The position that staff members are too busy to attend to offerings like training or that the cost is too high supports the contention that charities are not interested in utilizing human resources at their most effective. This may apply to a volunteer-run charity with an annual budget of less than $50,000 but once the demand for dollars increases it’s time for a different paradigm. A charity has already made its big commitment which is to its clients. With respect to that commitment, the time has also arrived to ensure it can meet those commitments to remain sustainable by providing staff members with the necessary skills. The key is to capture what is learned making it shareable and extending its value.


Implementing a Knowledge Management as a Charity Model

First and foremost a leader is required to pilot the project. This is not a job for mid-management ranks but rather for the top of the pyramid. Change for any organization is often difficult because people need to modify their habits and embrace new methods. A leader committed to full implementation is a must.

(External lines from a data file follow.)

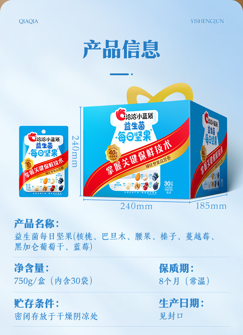 洽洽 小蓝袋益生菌每日坚果30日装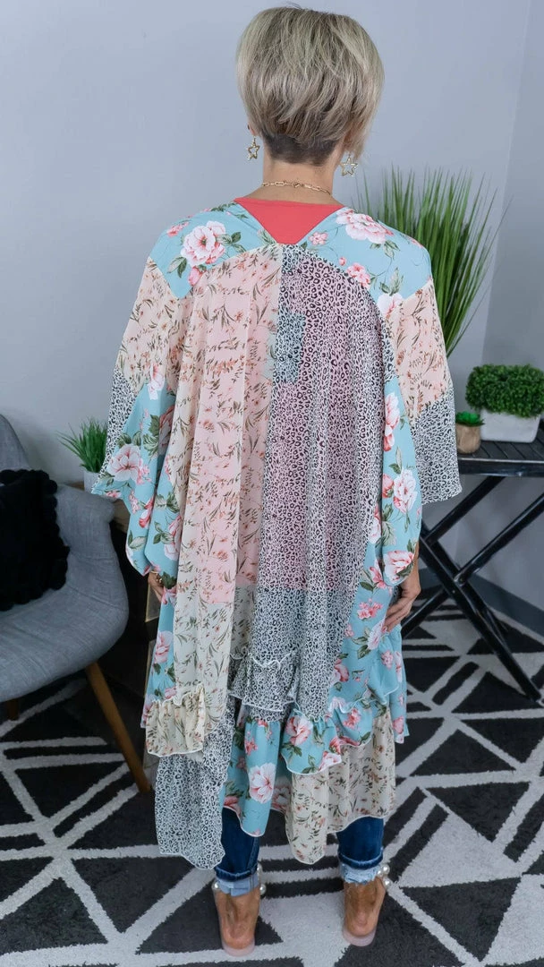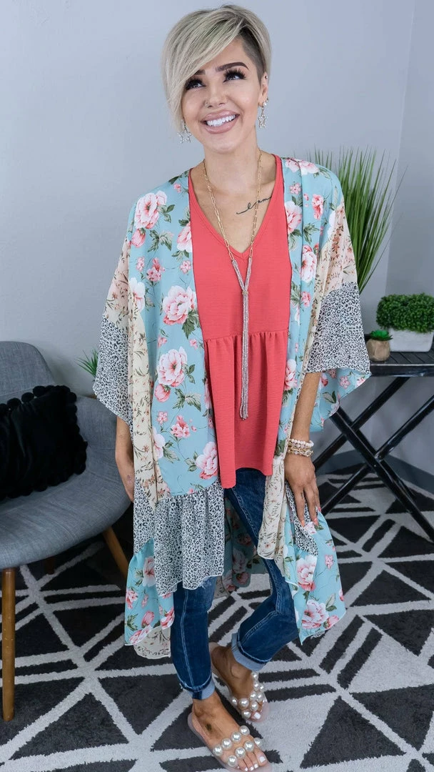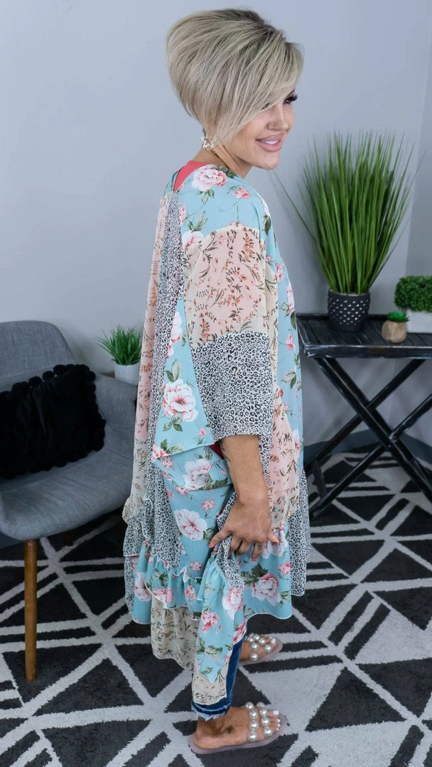 A beautiful smile is always paired with this adorable cardigan featuring a mix of floral and animal print colorblock, flutter hemline, and a flowy silhouette!Β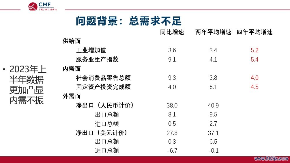2023年上半年供给侧加速修复,工业增加值和服务业生产指数四年平均增速平均在5.3%左右,但是国内需求四年平均在4.3%左右,供需缺口更加明显。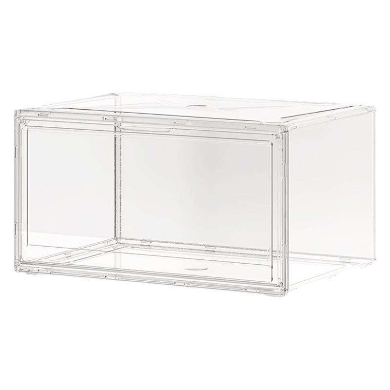 Boîte à chaussures empilable et pliable pour baskets, convient à la taille 14 US, acrylique transparent, simplicité moderne, blanc transparent, présentoir à chaussures à ouverture latérale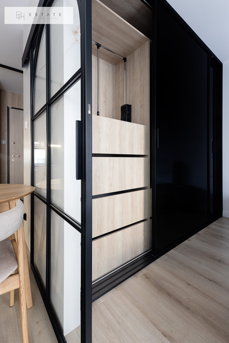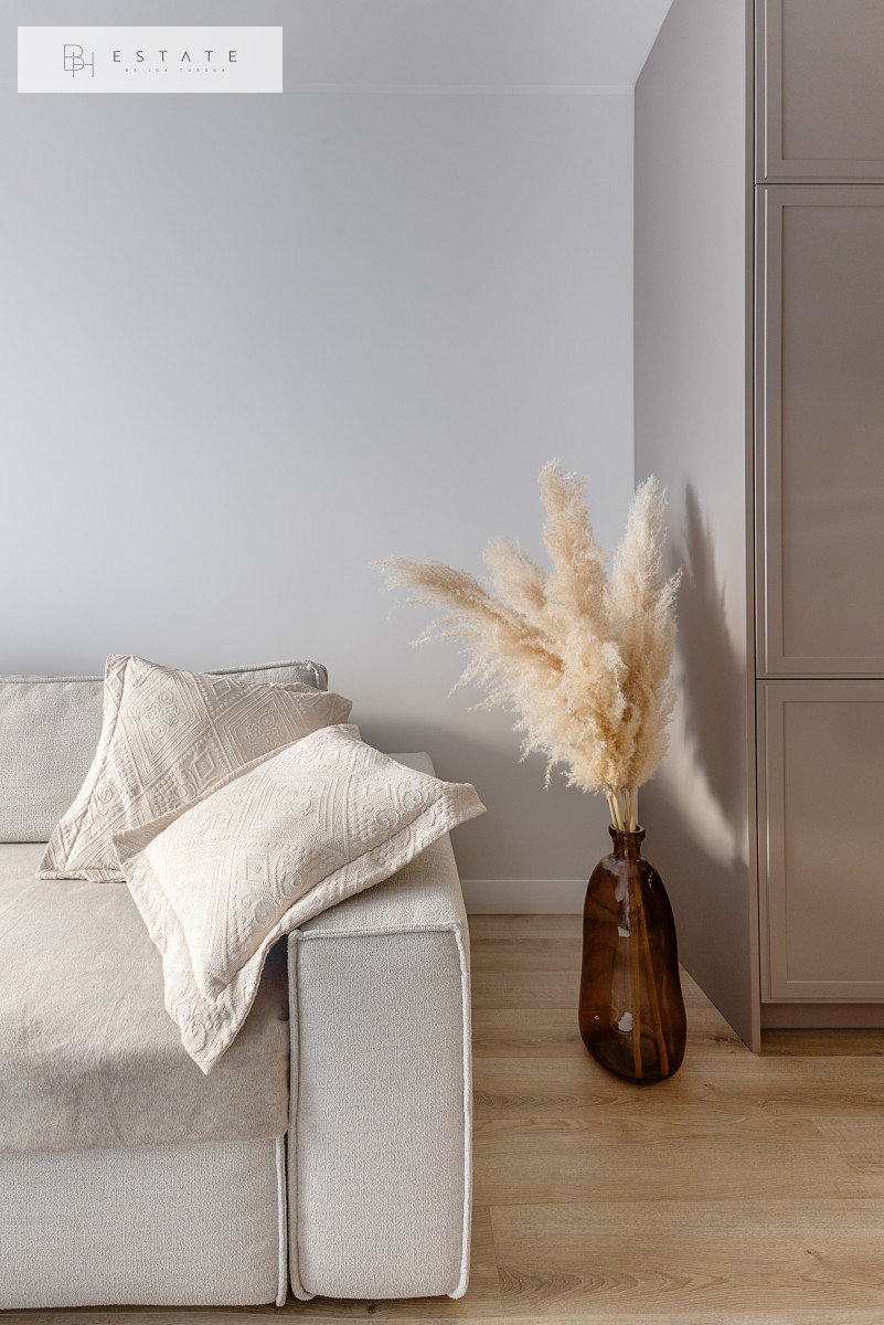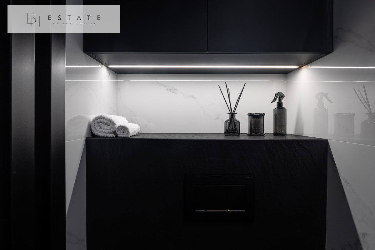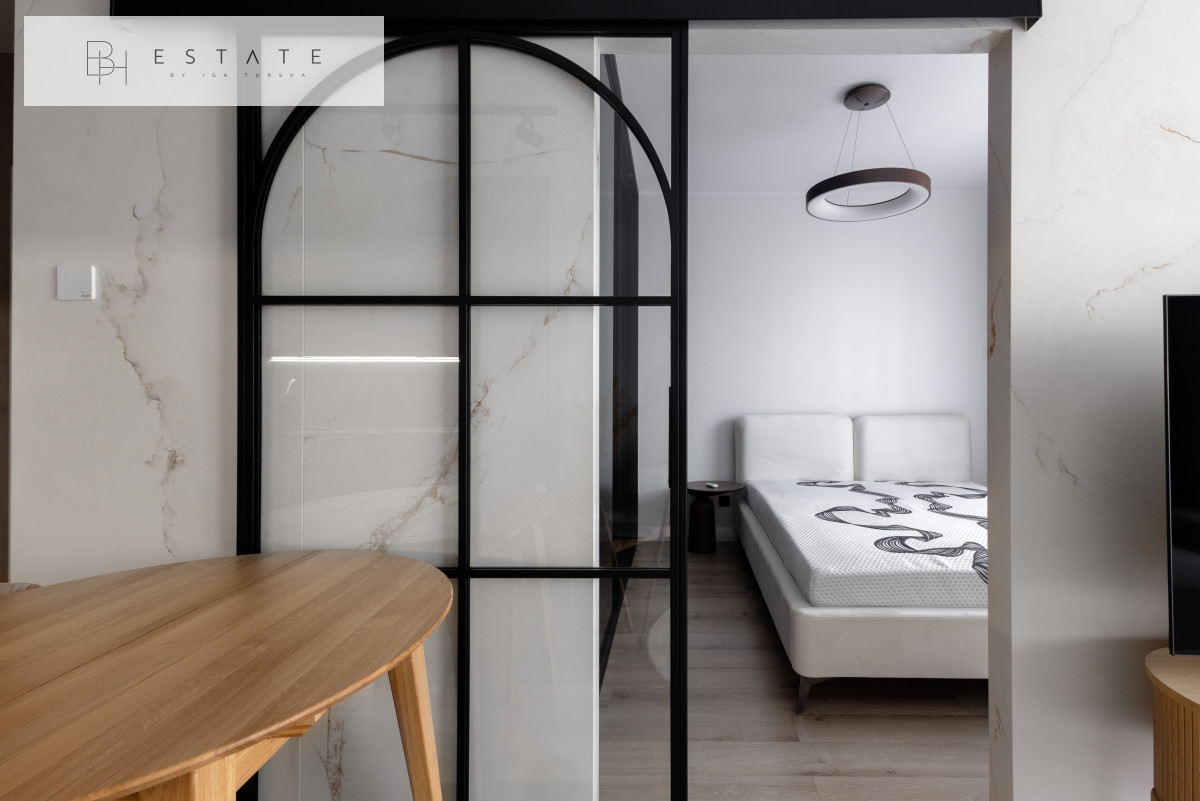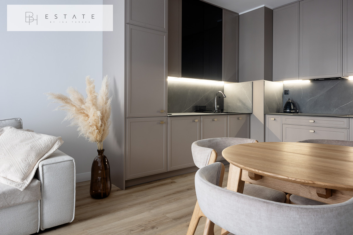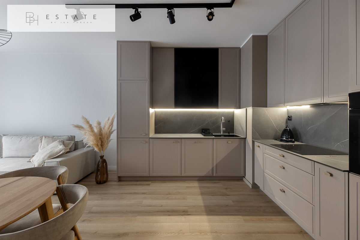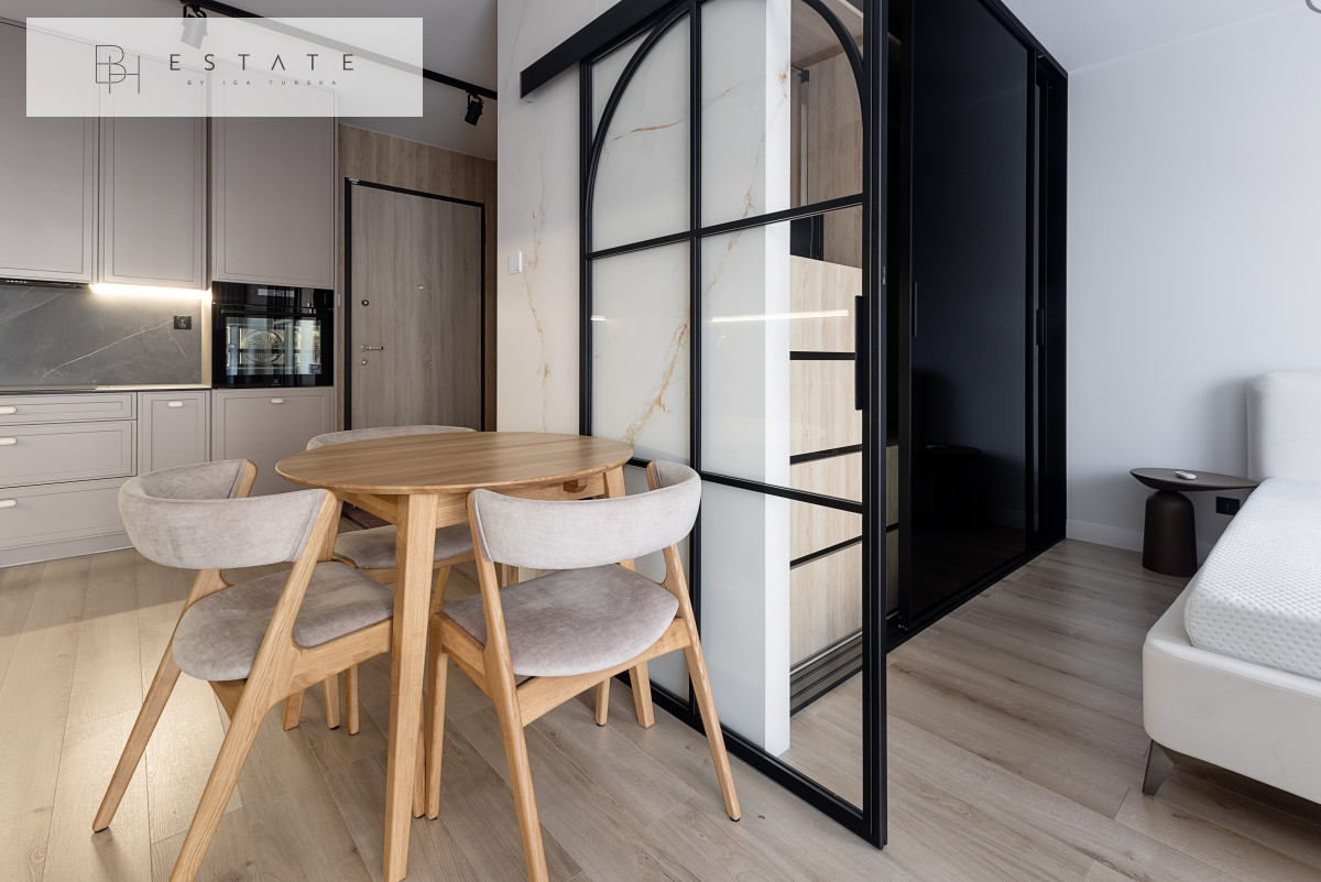 Przestronny słoneczny apartament usytuowany na 2 piętrze. Mieszkanie nigdy nie było wynajmowane. Wnętrze zostało wykonane bardzo starannie, przy wykorzystaniu materiałów i sprzętów wysokiej klasy. Aneks kuchenny jest wyposażony w zabudowę meblową wykonaną przez stolarza na zamówienie oraz w sprzęt AGD (płyta indukcyjna, lodówko-zamrażarka, piekarnik, okap, zmywarka). Salon z aneksem został połączony stołem z krzesłami. Na wyposażenie salonu składa się sofa z funkcją spania oraz komoda RTV z zupełnie nowym TV marki Samsung. Sypialnia została oddzielona szklanymi przesuwnymi drzwiami. Łazienka jest bardzo przestronna z licznym miejscem do przechowywania oraz kabiną prysznicową sporych rozmiarów.

The benefit to this change is that staff members will be part of the process offering what they know and have learned to build a knowledge-based system. Birthing anything new, then documenting and integrating it into the mainstream takes time and endurance. The benefits need to be understood and embraced. By including the best of what staff has to offer they can be recognized for their contribution.


The outcome offers a massive improvement over the current situation and once accepted becomes ‘how we do things here’. This attitude transposes into a full understanding of the value of information and every addition to the knowledge model from the capture of donor information, research data, basic job ‘how to’ instruction sets, and much more. We now have a knowledge culture in bloom!


New employees are introduced to an abundant knowledge base, supported by well-defined job descriptions allowing them to successfully assimilate into the charity’s culture. Should the adoption of the charity’s methods be inconsistent, adjustments can be recommended, or ultimately a staff removal if a lack of compliance becomes a recurring issue.


The Future Awaits You


No business, whether for-profit or not-for-profit can afford the cost of an ineffective workplace. It’s fine to be busy, but when busy simply means activities caused by disorganization and a lack of priorities, it is time to take the plunge and evaluate all areas of information management and assemble what the charity needs to move back to a productive mode.

The solution is simple to implement. What can be a challenge is enforcing methods with non-compliant staff but be assured, non-compliance disappears as new staff members are hired and old ones leave. The final challenge is maintaining an effective system throughout staff and board change. We have suggested writing requirements into the charity’s charter as a good start so that no one person can erode its benefits through questionable abilities. The assumption that a title or level of education is indicative of the type of habits that grow an organization has been proven wrong time and again. Let your organization have its own voice to expound on its expectations, then see who can stay and who must go. Remember, the future awaits you and the opportunities are boundless!